Beginning with a close and critical analysis of Britain's cultural
scene, War Pictures examines where the historiography of war, the
philosophy of violence, and aesthetics come together. Focusing on three
films made in Britain during the second half of the Second World
War--Michael Powell and Emeric Pressburger's The Life and Death of
Colonel Blimp (1943), Lawrence Olivier's Henry V (1944), and David
Lean's Brief Encounter (1945)--Puckett treats these movies as objects of
considerable historical interest but also as works that exploit the full
resources of cinematic technique to engage with the idea, experience,
and political complexity of war. By examining how cinema functioned as
propaganda, criticism, and a form of self-analysis, War Pictures reveals
how British filmmakers, writers, critics, and politicians understood the
nature and consequence of total war as it related to ideas about freedom
and security, national character, and the daunting persistence of human
violence.
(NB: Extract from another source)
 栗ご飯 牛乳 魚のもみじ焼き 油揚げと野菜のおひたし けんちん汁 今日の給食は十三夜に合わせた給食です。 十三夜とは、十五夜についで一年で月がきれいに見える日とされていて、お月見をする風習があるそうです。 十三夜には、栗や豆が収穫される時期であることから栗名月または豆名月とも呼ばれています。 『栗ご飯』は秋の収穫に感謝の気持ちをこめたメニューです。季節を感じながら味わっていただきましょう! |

While Powell and Pressburger, Olivier, and Lean developed
deeply self-conscious wartime films, their specific and strategic use of
cinematic eccentricity was an aesthetic response to broader
contradictions that characterized the homefront in Britain between 1939
and 1945. This stylistic eccentricity shaped British thinking about war,
violence, and commitment as well as both an answer to and an expression
of a more general violence.
Although War Pictures focuses on a particularly intense moment in time,
Puckett uses that particularity to make a larger argument about the
pressure that war puts on aesthetic representation, past and present.
Through cinema, Britain grappled with the paradoxical notion that, in
order to preserve its character, it had not only to fight and to win but
also to abandon exactly those old decencies, those "sporting-club
rules," that it sought also to protect.